INPUT FOR THIS TASK -
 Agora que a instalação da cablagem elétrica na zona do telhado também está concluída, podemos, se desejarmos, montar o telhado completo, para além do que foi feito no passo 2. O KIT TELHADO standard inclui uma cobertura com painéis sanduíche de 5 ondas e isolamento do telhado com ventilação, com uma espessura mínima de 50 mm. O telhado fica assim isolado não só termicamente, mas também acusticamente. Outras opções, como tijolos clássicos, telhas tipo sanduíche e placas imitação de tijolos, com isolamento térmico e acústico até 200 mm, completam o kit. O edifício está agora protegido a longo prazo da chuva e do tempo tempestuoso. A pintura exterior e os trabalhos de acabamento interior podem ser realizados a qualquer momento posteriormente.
* * *
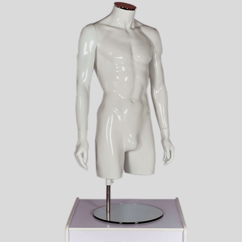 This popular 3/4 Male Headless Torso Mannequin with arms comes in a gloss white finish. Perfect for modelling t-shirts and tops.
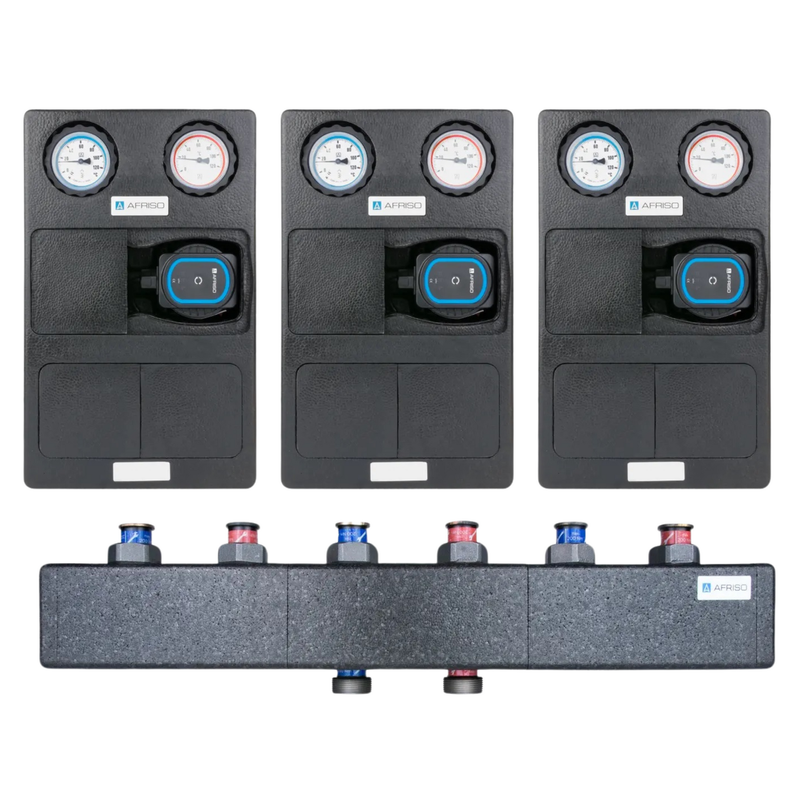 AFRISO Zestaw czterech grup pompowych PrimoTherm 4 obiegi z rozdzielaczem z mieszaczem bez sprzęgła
--
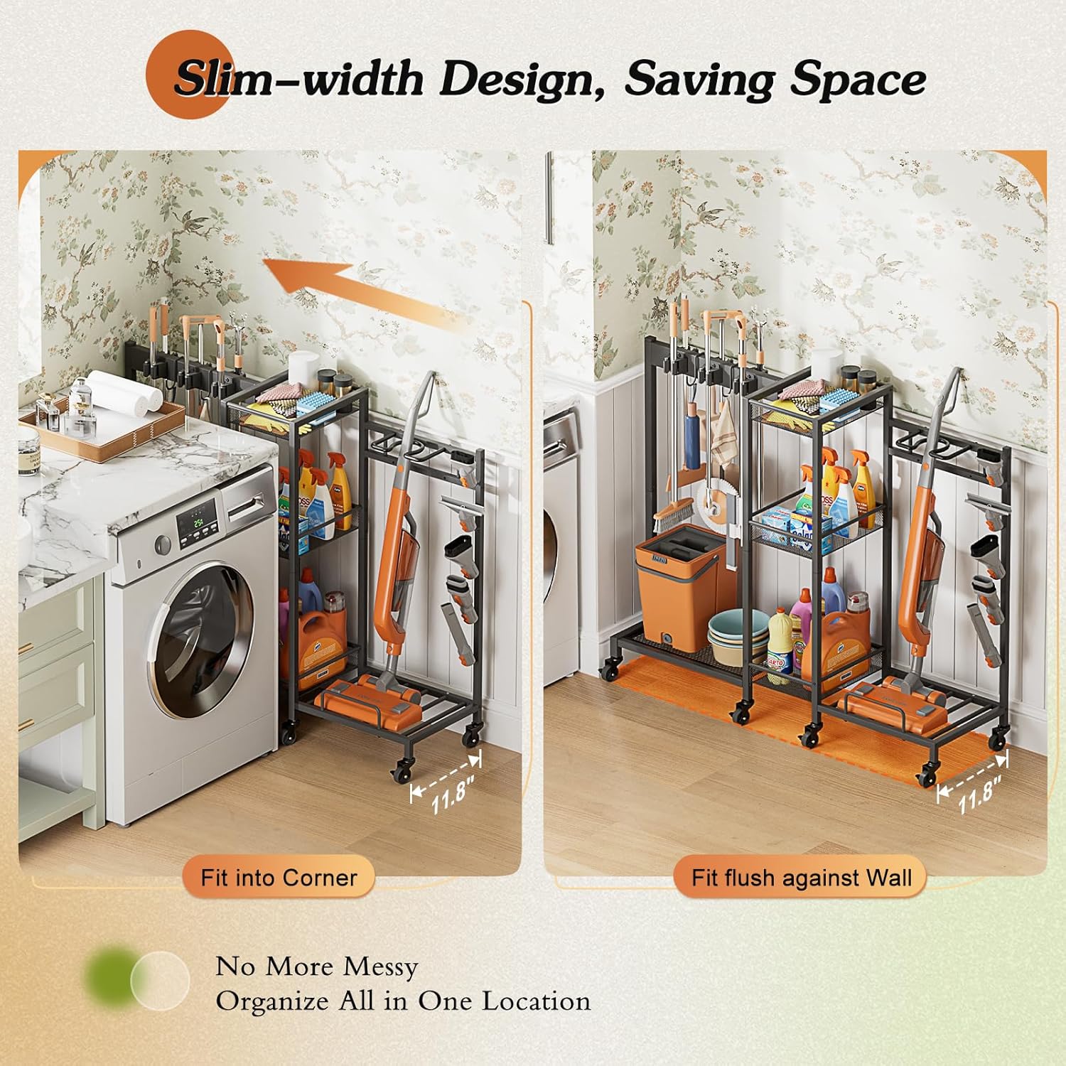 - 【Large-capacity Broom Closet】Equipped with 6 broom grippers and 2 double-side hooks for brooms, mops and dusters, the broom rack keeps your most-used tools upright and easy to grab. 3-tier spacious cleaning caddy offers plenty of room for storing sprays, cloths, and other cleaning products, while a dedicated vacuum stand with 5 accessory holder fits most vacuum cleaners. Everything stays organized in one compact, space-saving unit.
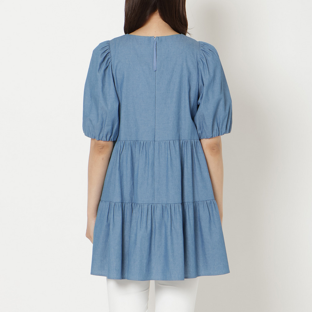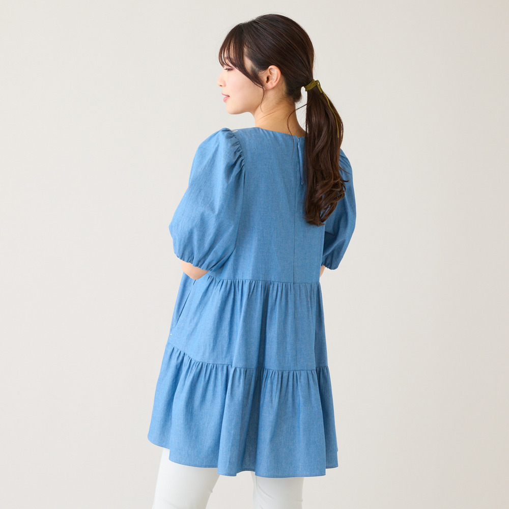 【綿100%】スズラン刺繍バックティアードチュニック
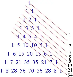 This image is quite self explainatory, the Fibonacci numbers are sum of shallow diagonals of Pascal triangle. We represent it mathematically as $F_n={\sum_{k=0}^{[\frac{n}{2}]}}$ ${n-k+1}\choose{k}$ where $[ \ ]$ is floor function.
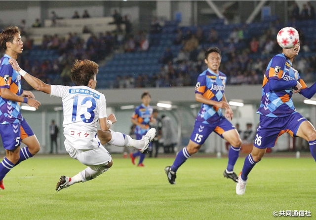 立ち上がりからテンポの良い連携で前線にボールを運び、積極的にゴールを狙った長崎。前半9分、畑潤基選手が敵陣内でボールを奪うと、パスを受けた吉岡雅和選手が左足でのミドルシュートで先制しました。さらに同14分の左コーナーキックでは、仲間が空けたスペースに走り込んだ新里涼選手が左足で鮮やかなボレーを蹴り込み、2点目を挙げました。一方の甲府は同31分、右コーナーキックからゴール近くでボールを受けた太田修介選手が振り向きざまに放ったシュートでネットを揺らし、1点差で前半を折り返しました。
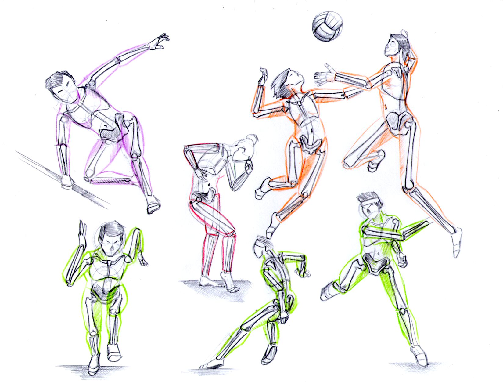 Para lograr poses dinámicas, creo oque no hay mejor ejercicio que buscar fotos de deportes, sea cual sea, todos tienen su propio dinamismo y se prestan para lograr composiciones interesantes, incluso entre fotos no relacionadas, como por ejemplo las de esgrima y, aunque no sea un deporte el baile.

ASSIGNMENT - Return exactly the lines above, from the one with "This popular 3/4" up to and including the one with "AFRISO Zestaw czterech", and include no pictures.

FINISHED TASK -
 This popular 3/4 Male Headless Torso Mannequin with arms comes in a gloss white finish. Perfect for modelling t-shirts and tops.
 AFRISO Zestaw czterech grup pompowych PrimoTherm 4 obiegi z rozdzielaczem z mieszaczem bez sprzęgła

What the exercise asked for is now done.